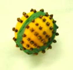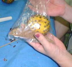 ポマンダーの手入れ 毎週一回、とくに雨降り前にポマンダー全体をやさしく押さえて果汁を少し出しながらスパイスの粉をまぶします。 <裏技> あわてて果汁を出しすぎると半分に割れたます。 スパイスの粉をまぶすのを忘れたりすると、カビが生えます、良く乾かしてください。 |
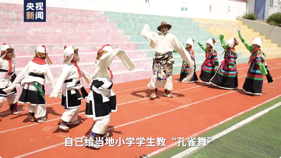 文布南村孔雀舞第四代非遺傳承人 次仁頓珠:我從13歲到今年59歲一直在跳“孔雀舞”、教“孔雀舞”,現(xiàn)在孩子們跳得很好,我覺(jué)得“孔雀舞”得到了很好的傳承,自己給當(dāng)?shù)匦W(xué)學(xué)生教“孔雀舞”同時(shí)經(jīng)常會(huì)到其他地方其他學(xué)校教“孔雀舞”。
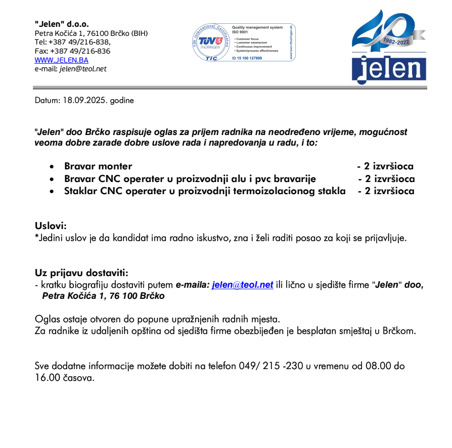 Poslovi 18 Sep,2025 Štampa Poslovi Više radnih mjesta Više radnih mjesta (6)"Jelen" d.o.o.Brčko Prethodno Sljedeće
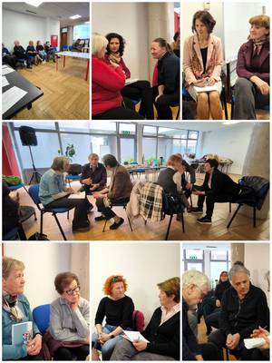 V drugem delu smo se dela lotili po skupinah in nato še v trojkah ter skušali analizirati trenutno stanje tako v našem društvu kot tudi na splošno na področju krščanstva, šolstva in države. Oblikovali smo nekaj smernic, zlasti kako privabiti v društvo nove, predvsem pa mlade člane. Kaj jim ponuditi, da se bodo čutili ne le sprejete, pač pa tudi koristne, in kako z informacijami in revijo Vzgoja prodreti do širšega kroga ljudi, zlasti pedagoških delavcev.
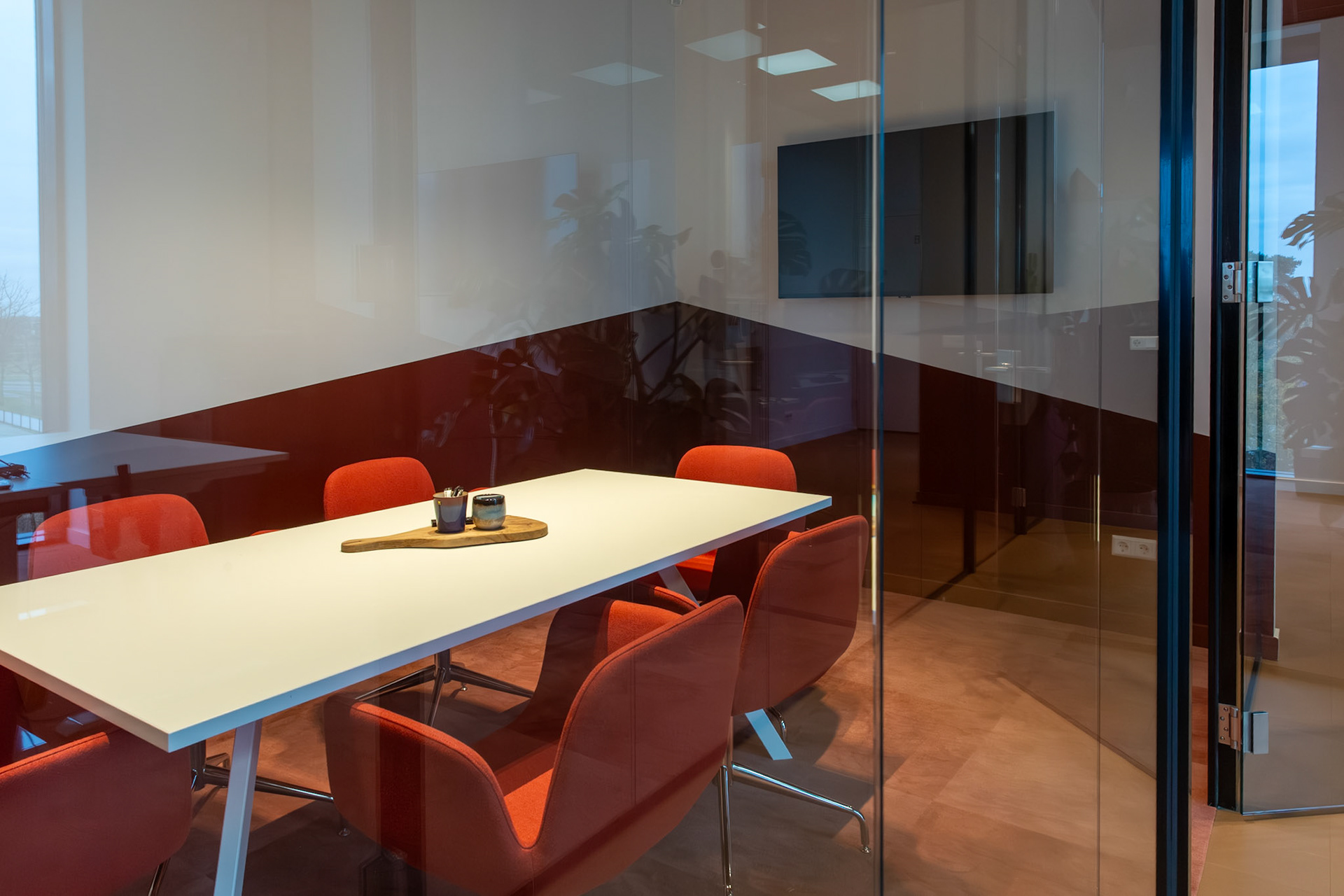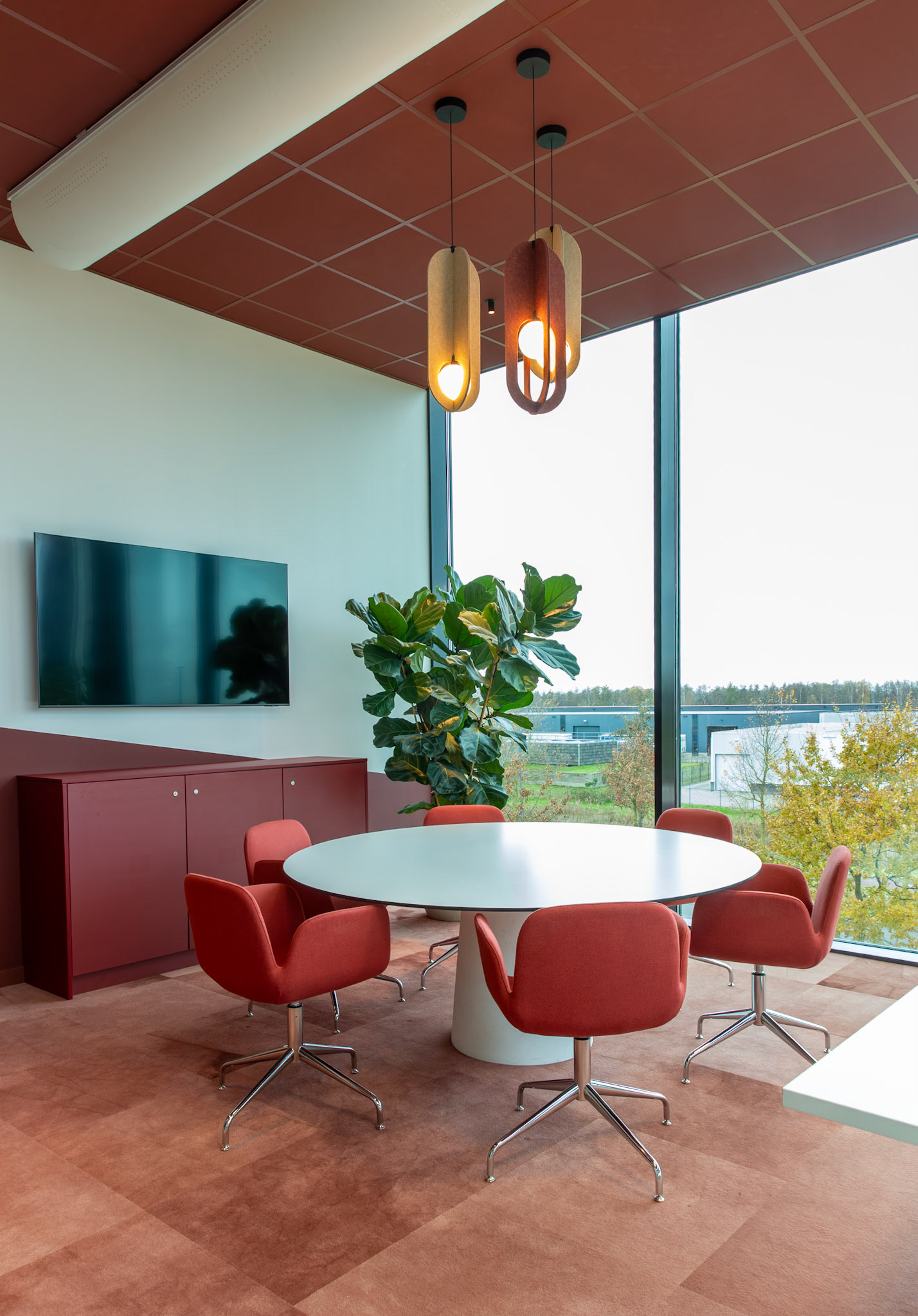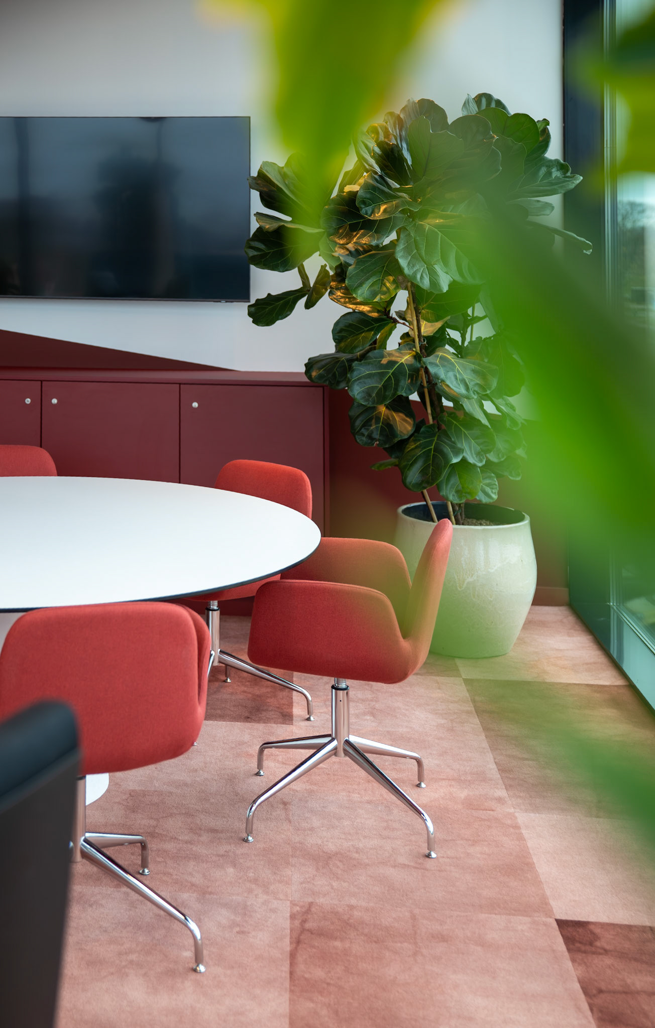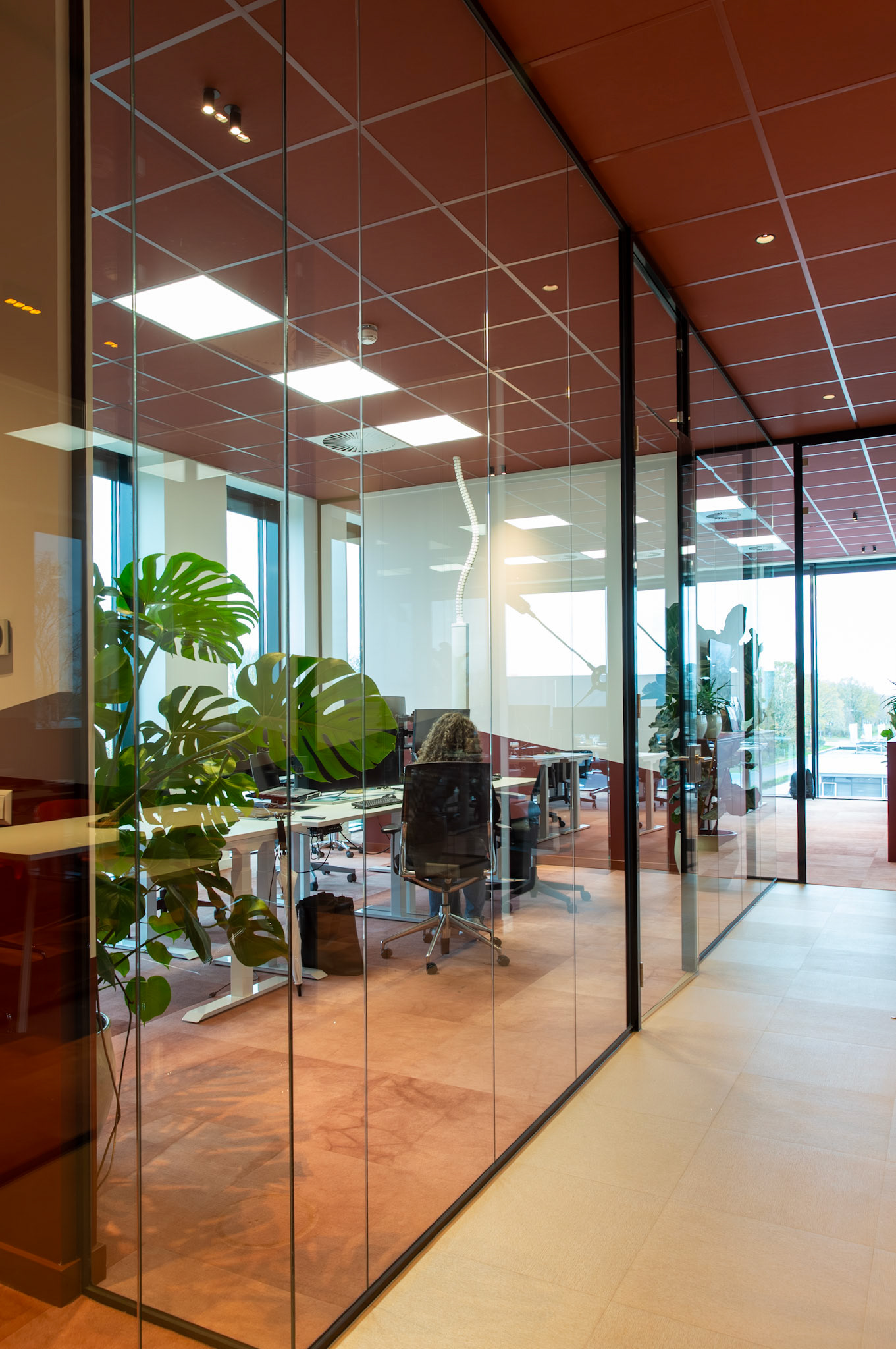 De combinatie met strakke, witte bureaus zorgt voor een frisse en evenwichtige compositie, waarin functionaliteit en esthetiek naadloos samengaan. Het resultaat is een interieur dat zowel tijdloos als karaktervol is, een plek waar de identiteit van Moma Beauty volledig tot haar recht komt.
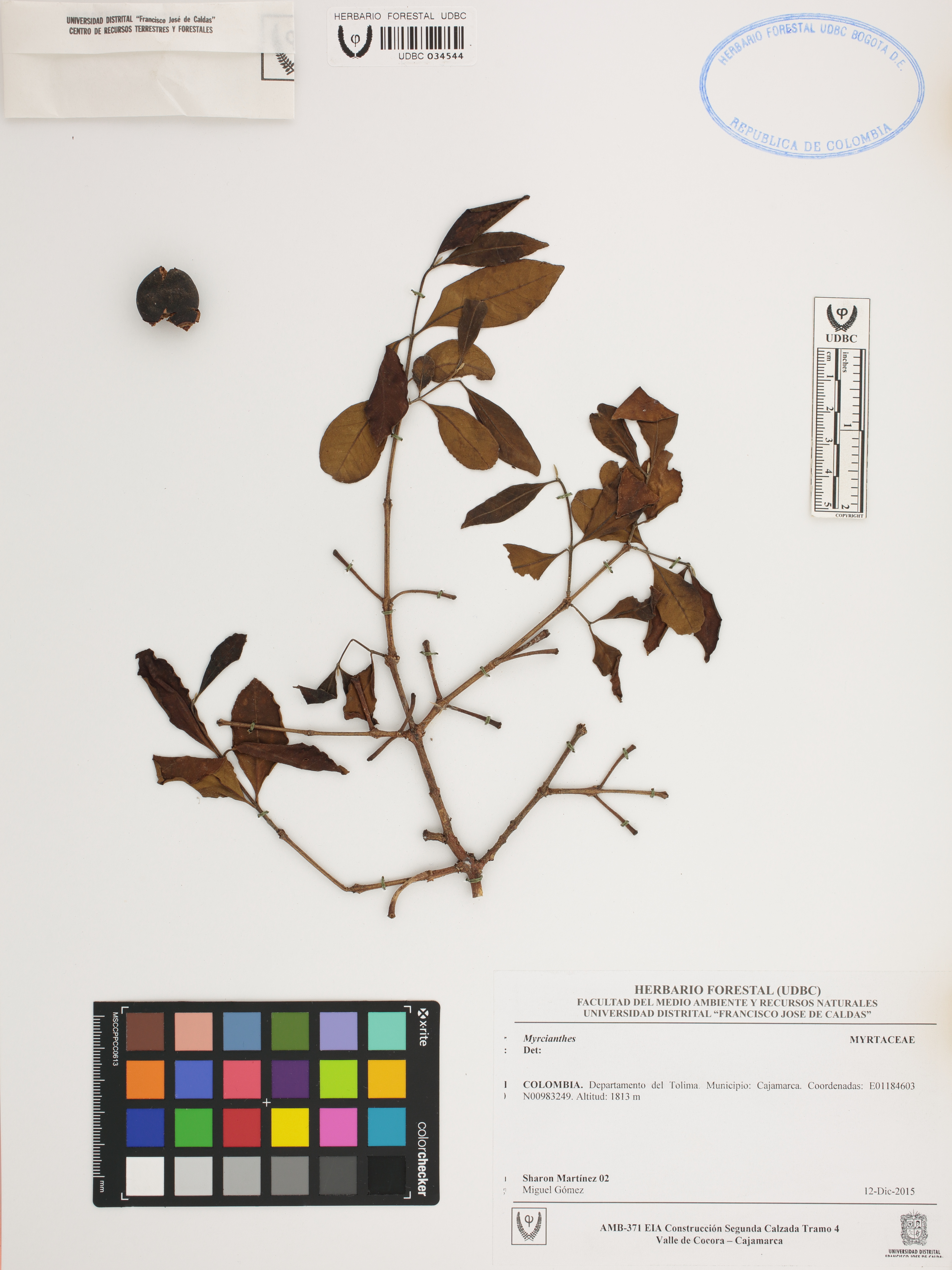 Fotografía del ejemplar Martínez, S. 2, determinado como Myrcianthes sp.
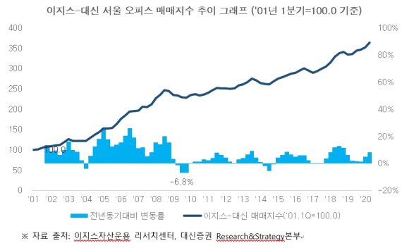 이지스자산운용과 대신증권은 2020년 2·4분기 ‘이지스-대신 서울 오피스 매매지수’가 364.1포인트로 전분기 대비 3.4%, 전년 대비 8.4% 올랐다고 28일 밝혔다.
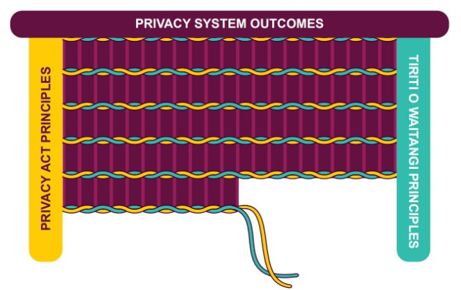 Tuitui kākahu, tuitui tāngata represents how the principles of Te Tiriti o Waitangi and the Act work together to achieve the outcomes of the privacy system.
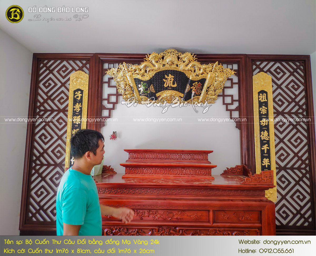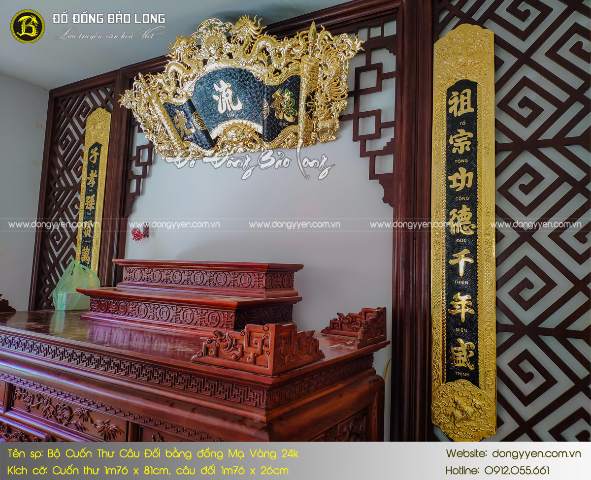 Bộ cuốn thư câu đối bằng đồng mạ vàng 24k
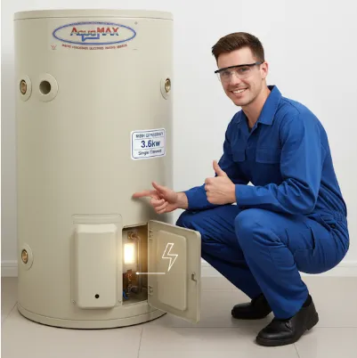 This water heater is equipped with a 3.6 kW single element, delivering efficient hot water for small households.
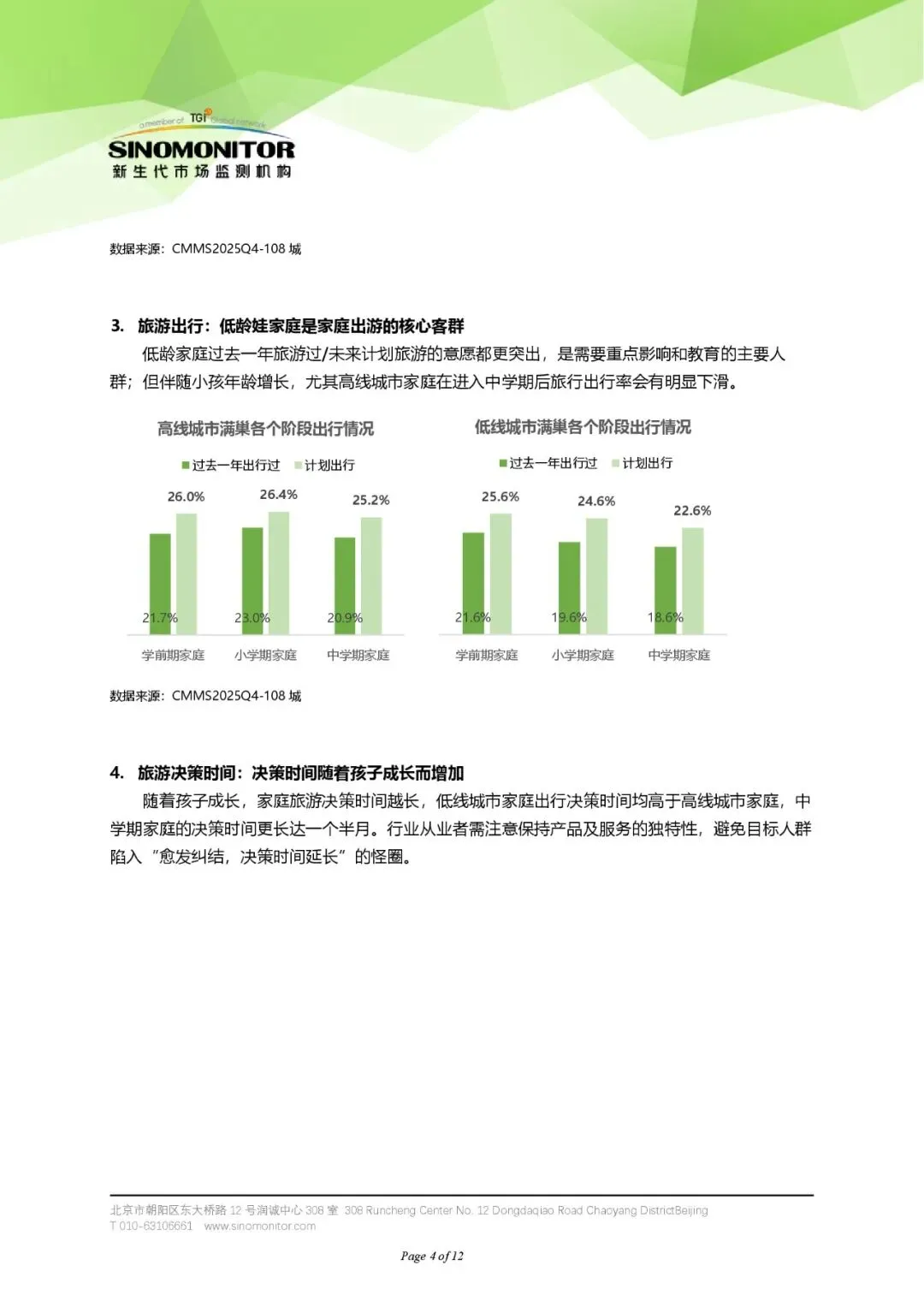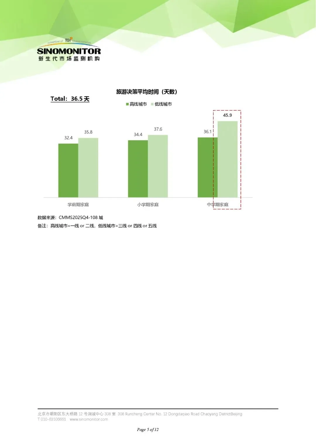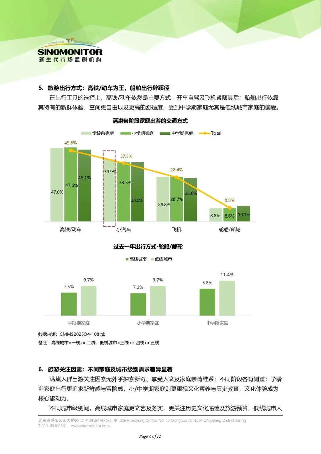 - 中学期家庭:高线城市家庭出行率明显下降,低线城市家庭则更偏好船舶出行,因其提供新鲜体验和更高舒适度。
__________________________________________________
Give the listing again word for word. Skip any pictures.

 ポマンダーの手入れ 毎週一回、とくに雨降り前にポマンダー全体をやさしく押さえて果汁を少し出しながらスパイスの粉をまぶします。 <裏技> あわてて果汁を出しすぎると半分に割れたます。 スパイスの粉をまぶすのを忘れたりすると、カビが生えます、良く乾かしてください。 |
 文布南村孔雀舞第四代非遺傳承人 次仁頓珠:我從13歲到今年59歲一直在跳“孔雀舞”、教“孔雀舞”,現(xiàn)在孩子們跳得很好,我覺(jué)得“孔雀舞”得到了很好的傳承,自己給當(dāng)?shù)匦W(xué)學(xué)生教“孔雀舞”同時(shí)經(jīng)常會(huì)到其他地方其他學(xué)校教“孔雀舞”。
 Poslovi 18 Sep,2025 Štampa Poslovi Više radnih mjesta Više radnih mjesta (6)"Jelen" d.o.o.Brčko Prethodno Sljedeće
 V drugem delu smo se dela lotili po skupinah in nato še v trojkah ter skušali analizirati trenutno stanje tako v našem društvu kot tudi na splošno na področju krščanstva, šolstva in države. Oblikovali smo nekaj smernic, zlasti kako privabiti v društvo nove, predvsem pa mlade člane. Kaj jim ponuditi, da se bodo čutili ne le sprejete, pač pa tudi koristne, in kako z informacijami in revijo Vzgoja prodreti do širšega kroga ljudi, zlasti pedagoških delavcev.
 De combinatie met strakke, witte bureaus zorgt voor een frisse en evenwichtige compositie, waarin functionaliteit en esthetiek naadloos samengaan. Het resultaat is een interieur dat zowel tijdloos als karaktervol is, een plek waar de identiteit van Moma Beauty volledig tot haar recht komt.
 Fotografía del ejemplar Martínez, S. 2, determinado como Myrcianthes sp.
 이지스자산운용과 대신증권은 2020년 2·4분기 ‘이지스-대신 서울 오피스 매매지수’가 364.1포인트로 전분기 대비 3.4%, 전년 대비 8.4% 올랐다고 28일 밝혔다.
 Tuitui kākahu, tuitui tāngata represents how the principles of Te Tiriti o Waitangi and the Act work together to achieve the outcomes of the privacy system.
 Bộ cuốn thư câu đối bằng đồng mạ vàng 24k
 This water heater is equipped with a 3.6 kW single element, delivering efficient hot water for small households.
 - 中学期家庭:高线城市家庭出行率明显下降,低线城市家庭则更偏好船舶出行,因其提供新鲜体验和更高舒适度。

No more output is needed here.